## TASK DESCRIPTION
For the material below, reproduce exactly each line from the one that has "Pyjamas i vit/ljusgrå/svart/gul." through the one that has "本店の雰囲気とは違う、おしゃ", and no others; pictures stay out.

## RECORDS SUPPLIED
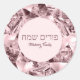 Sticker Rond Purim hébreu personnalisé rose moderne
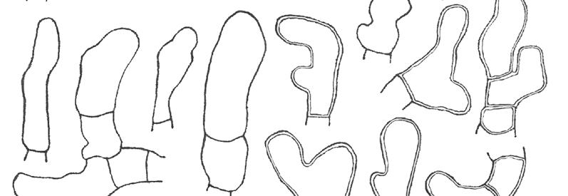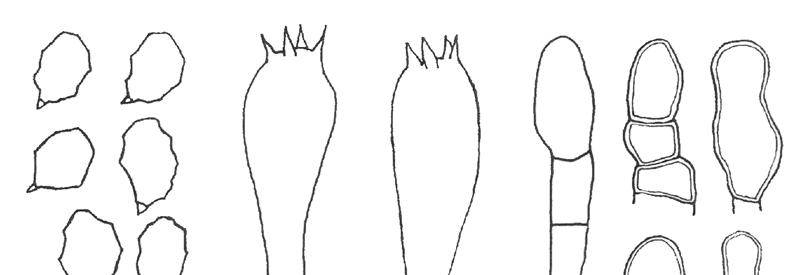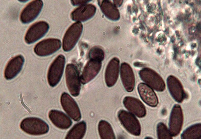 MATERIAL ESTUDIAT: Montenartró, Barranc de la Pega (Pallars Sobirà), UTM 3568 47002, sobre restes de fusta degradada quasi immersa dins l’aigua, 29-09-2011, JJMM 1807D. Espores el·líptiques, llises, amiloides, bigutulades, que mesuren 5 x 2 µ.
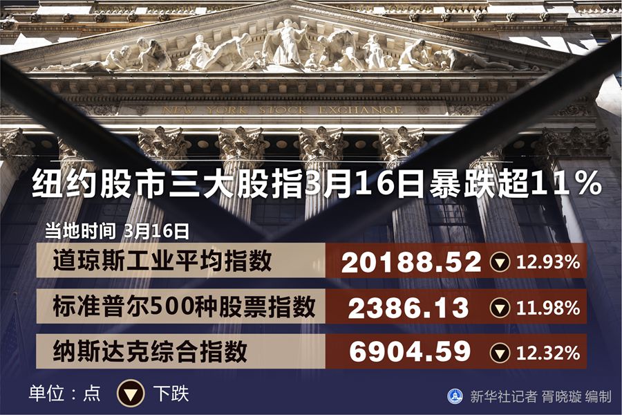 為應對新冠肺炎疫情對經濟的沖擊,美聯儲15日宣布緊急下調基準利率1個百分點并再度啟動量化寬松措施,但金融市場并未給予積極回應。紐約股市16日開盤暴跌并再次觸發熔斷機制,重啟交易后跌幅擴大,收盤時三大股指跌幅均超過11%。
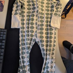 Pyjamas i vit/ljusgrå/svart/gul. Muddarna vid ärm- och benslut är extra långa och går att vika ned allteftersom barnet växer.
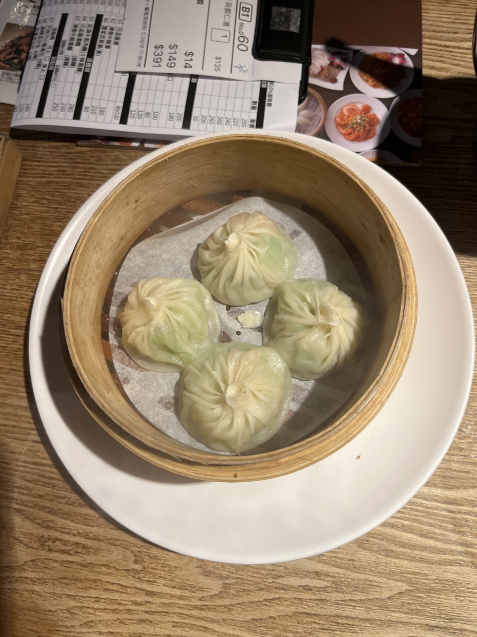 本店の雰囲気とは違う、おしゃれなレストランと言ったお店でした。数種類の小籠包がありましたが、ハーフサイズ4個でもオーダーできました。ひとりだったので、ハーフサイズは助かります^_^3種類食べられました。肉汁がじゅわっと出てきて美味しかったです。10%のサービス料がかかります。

==

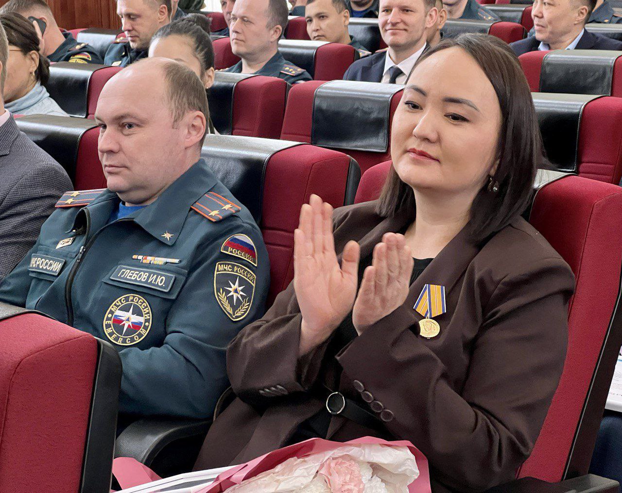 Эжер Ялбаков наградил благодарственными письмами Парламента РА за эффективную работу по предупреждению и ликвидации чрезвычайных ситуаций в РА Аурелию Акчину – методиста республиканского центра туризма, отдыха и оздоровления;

...

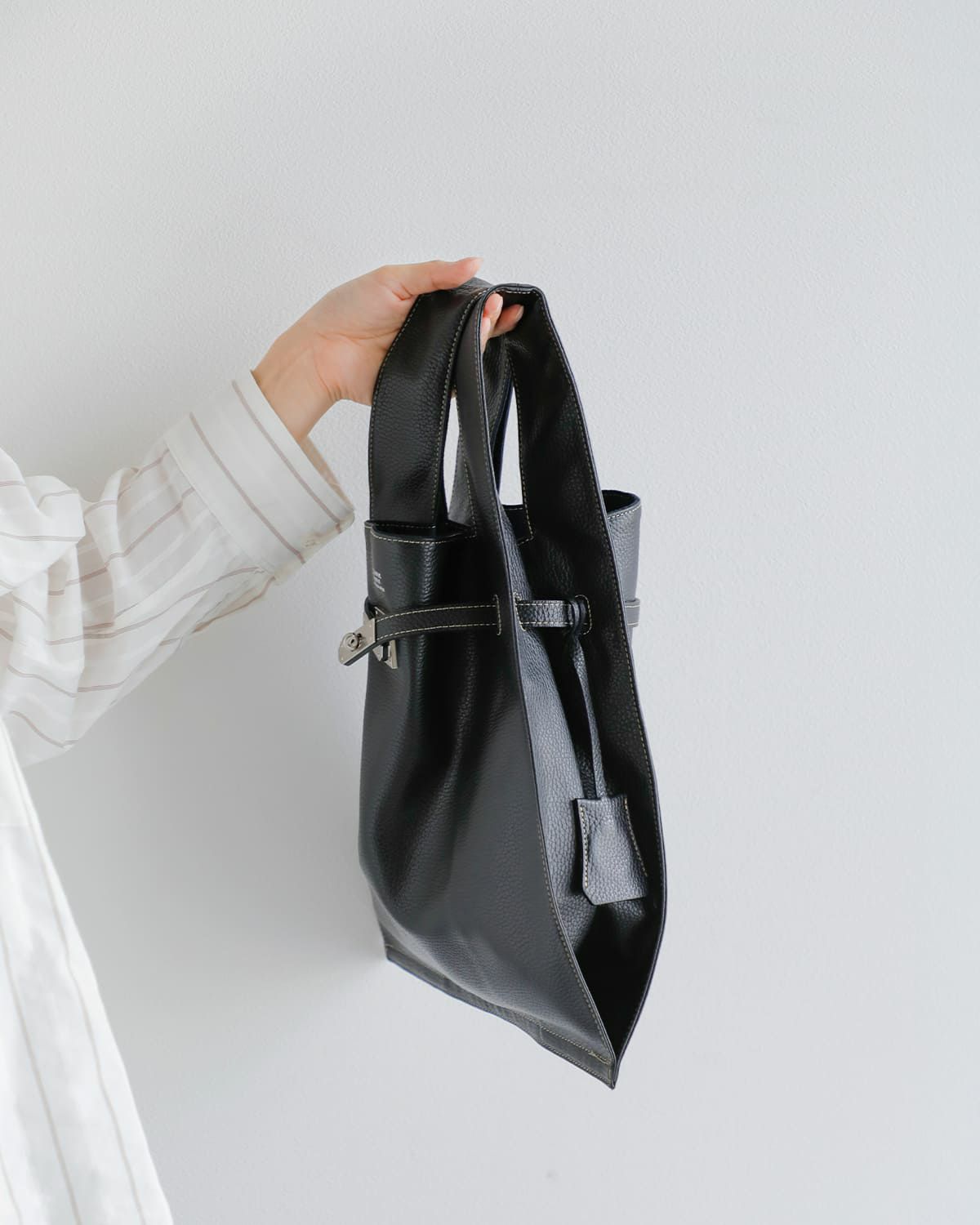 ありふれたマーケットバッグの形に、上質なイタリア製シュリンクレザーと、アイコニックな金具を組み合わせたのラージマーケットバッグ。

## RESPONSE TO THIS TASK
 Pyjamas i vit/ljusgrå/svart/gul. Muddarna vid ärm- och benslut är extra långa och går att vika ned allteftersom barnet växer.
 本店の雰囲気とは違う、おしゃれなレストランと言ったお店でした。数種類の小籠包がありましたが、ハーフサイズ4個でもオーダーできました。ひとりだったので、ハーフサイズは助かります^_^3種類食べられました。肉汁がじゅわっと出てきて美味しかったです。10%のサービス料がかかります。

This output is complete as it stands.